Hay razones del Vaticano que la razón no entiende: en las postrimerías de su pontificado, Juan Pablo II puso a asolear, en la Plaza de San Pedro, los despojos de su antecesor Juan XXIII. El 38 aniversario de la muerte de quien fuera llamado “el pontífice bueno” parece un motivo débil para someter el cadáver a la veneración o el morbo de los fieles. Tampoco es dable sospechar afinidades secretas entre Karol Wojtyla y Angelo Roncalli que pudieran empujar al primero a los linderos de la necrofilia, porque ambos son espíritus antagónicos y contrarios.
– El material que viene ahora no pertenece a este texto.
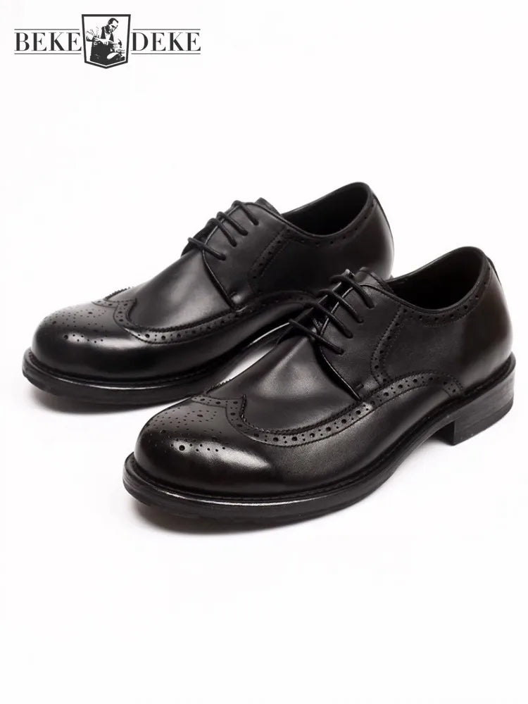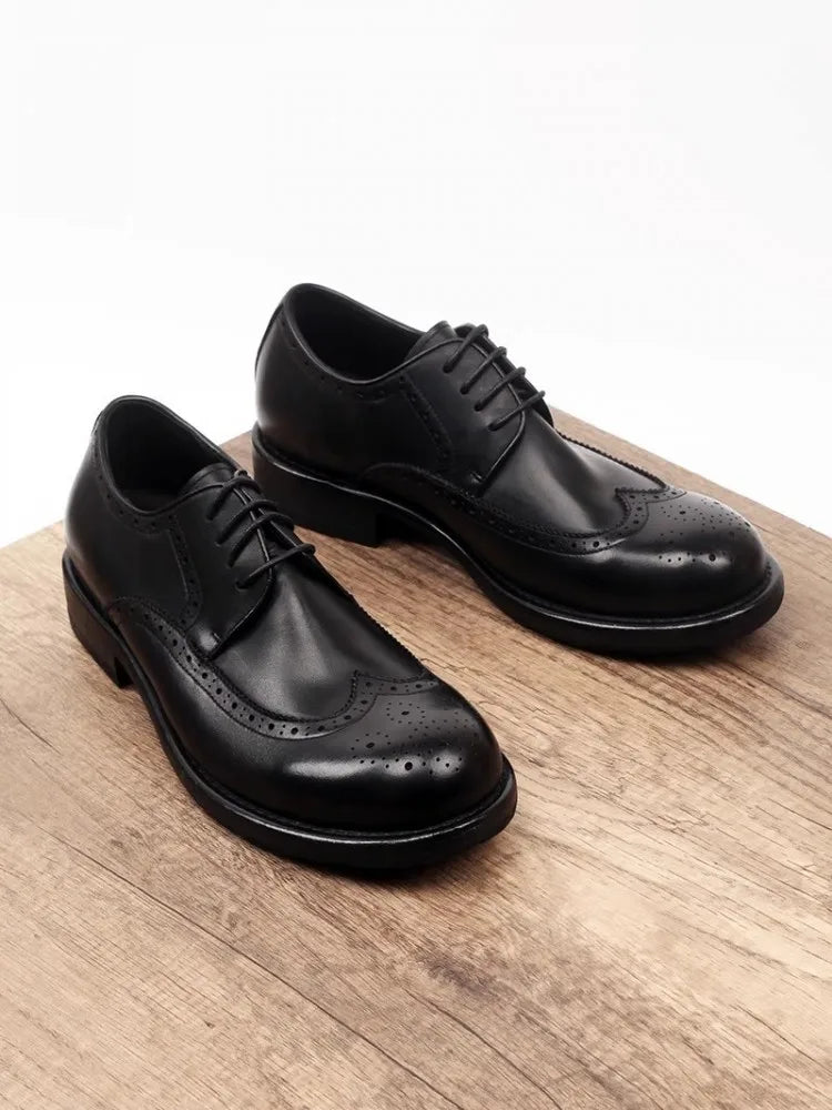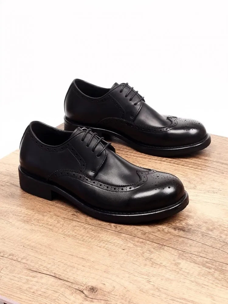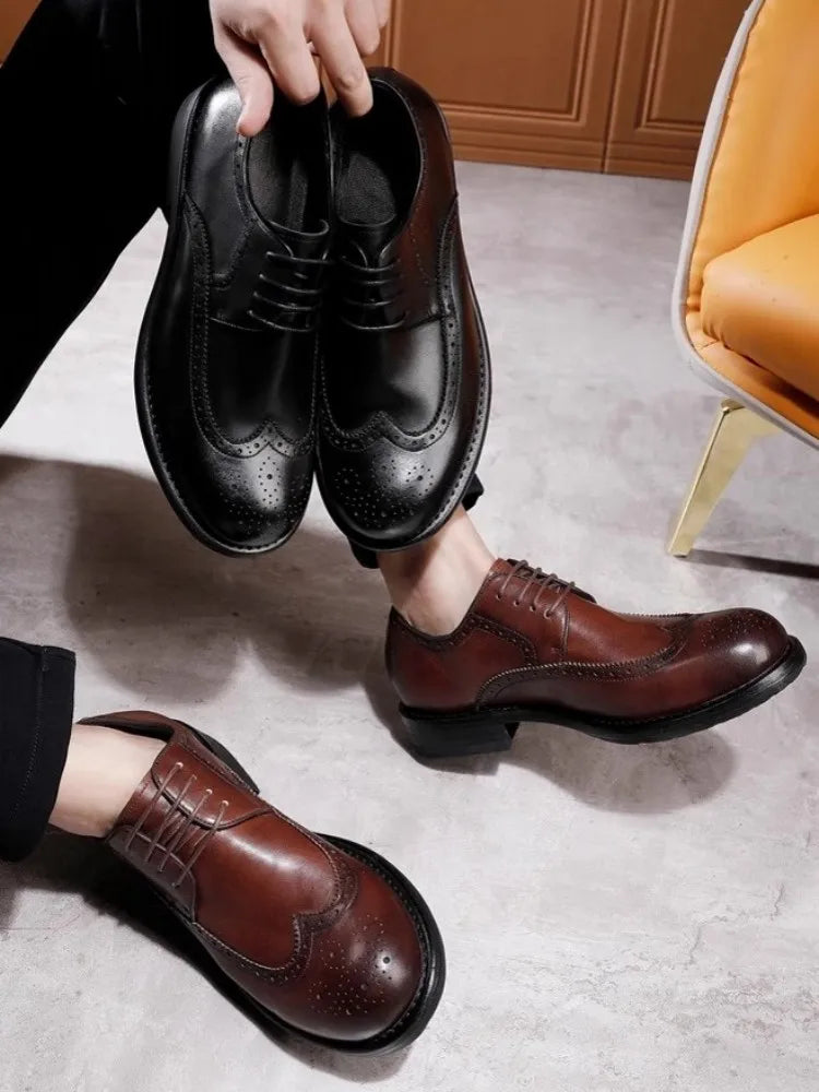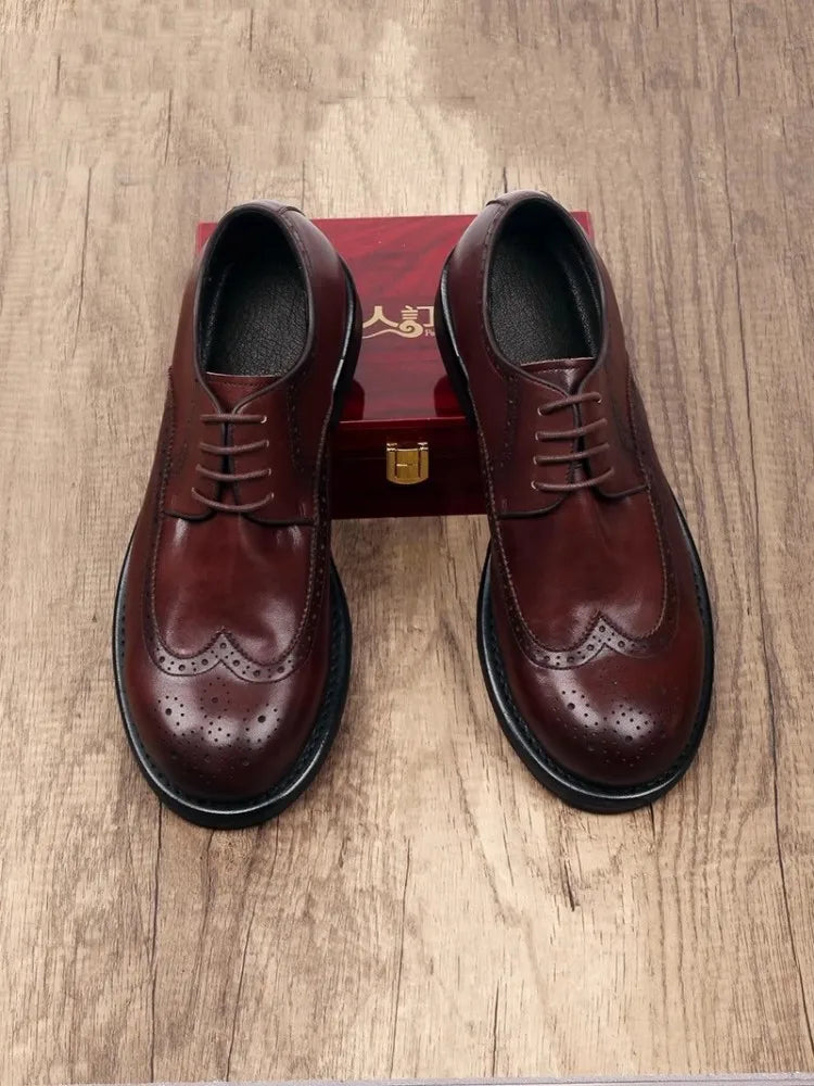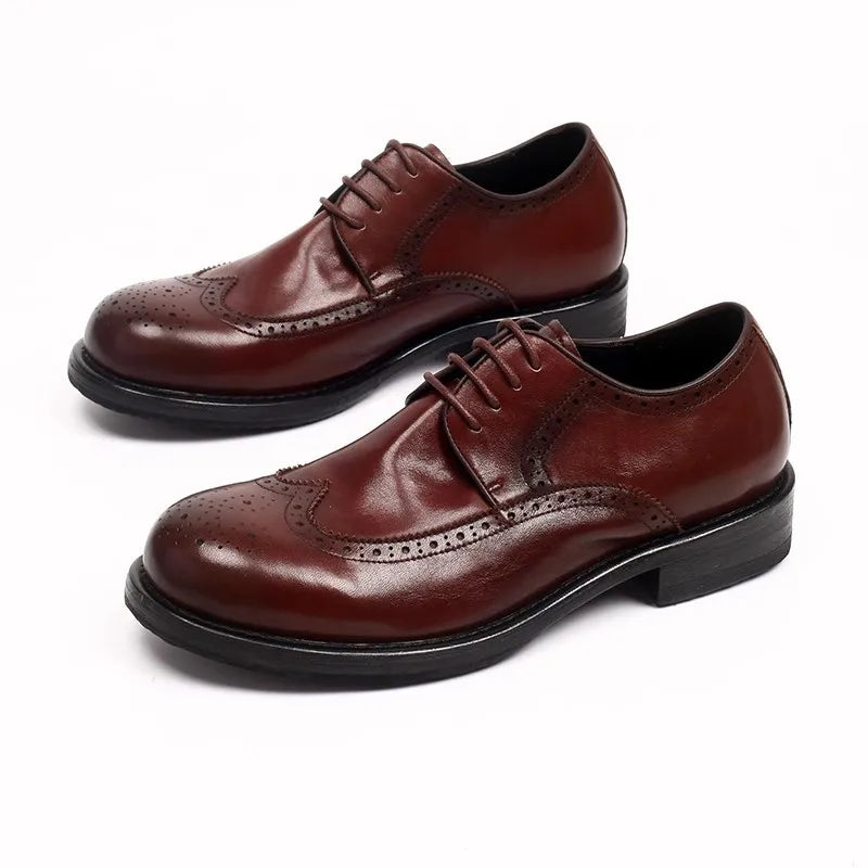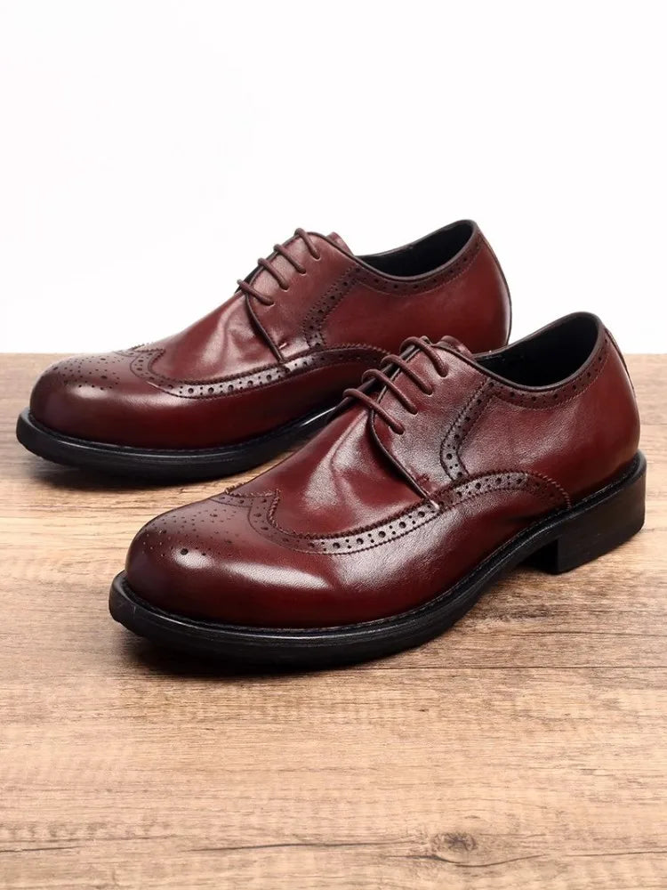 Elevate your formal style with our Vintage Genuine Leather Brogue Shoes for Men, designed with intricate wingtip perforations and classic lace-up closure. These handcrafted derby shoes exude a rich character, offering a polished finish that speaks of timeless elegance and refined taste. Whether you're headed to the office or a high-stakes meeting, these shoes make an unforgettable impression with their vintage charm and sharp detailing. Ideal for modern professionals who value both aesthetics and craftsmanship, these shoes seamlessly bridge classic fashion with contemporary flair.

En su papado más bien breve, Juan XXIII exhibió una disposición indiscutible a considerar los anhelos de justicia, libertad y tolerancia que recorrían las sociedades de mediados del siglo pasado. Con esa actitud, emprendió un aggiornamiento formidable de la Iglesia católica, a la que reconcilió con la época, con los seglares y hasta con cultos no católicos y no cristianos. Convocó al Concilio Vaticano II para modernizar hacia adentro y hacia fuera, para ir al encuentro de realidades políticas y de entornos idiomáticos. Juan XXIII fue un modernizador, un reformador y hasta un revolucionario, según algunos.

Al margen de (des)calificaciones ideológicas, Juan Pablo II puede ser descrito, en cambio, como conservador y reaccionario. Es proverbial su afán por combatir y exorcizar la diversidad, el relativismo, la pluralidad, la soberanía individual y la libertad ciudadana que caracterizan --desde el lado positivo, al menos-- algunos de los más importantes desarrollos éticos contemporáneos. Wojtyla no incorpora: sataniza; antes de comprender, confronta; su estilo pastoral de gobernar parece más una cruzada (aunque con las armas modernas del marketing mediático) que una obra pía; diríase que en su balanza pesa más la ira de Dios que el amor divino.

Juan Pablo II es más cercano a la matriz espiritual de Pío IX, el último papa-rey, el pontífice que se aferró, en el siglo antepasado, al poder temporal, satanizó el liberalismo, la democracia y el socialismo, y ahondó las diferencias con los no católicos. Por eso, cuando Juan Pablo II beatificó al mismo tiempo a Juan XXII y a Pío IX, ese ritual fue visto por muchos como un agravio a la memoria del primero. El “pontífice bueno” no tenía ninguna necesidad de que lo pusieran, así fuera post mortem, en pie de igualdad con intolerantes.

Por alguna razón un tanto misteriosa, el domingo pasado se cruzaron en la Plaza de San Pedro un papa vivo y un papa muerto. El sentido de esa ceremonia no necesariamente es inteligible, pero las apariencias tal vez digan mucho. Un dato ciertamente significativo es que, según las descripciones de los despachos de prensa, Juan XXIII lucía mucho más saludable que su sucesor en el trono pontificio. Aquello no sólo expresaba la superioridad estética de quien ha logrado convertirse en todo un cadáver embalsamado frente a alguien que apenas aspira a esa categoría, sino también la percepción general de que Karol Wojtyla está en las últimas y que Angelo Roncalli, en cambio, se encuentra en trance de resurrección. Es un decir, claro está, porque los muertos no reviven; se refiere simplemente a que, cuando llegue el momento de elegir al sucesor de Juan Pablo II, la Iglesia católica tendrá, por primera vez en dos décadas, una oportunidad para modernizarse y acudir al encuentro del siglo XXI; tendrá la posibilidad, en suma, de vivir un tonificante y esclarecedor “momento Roncalli”.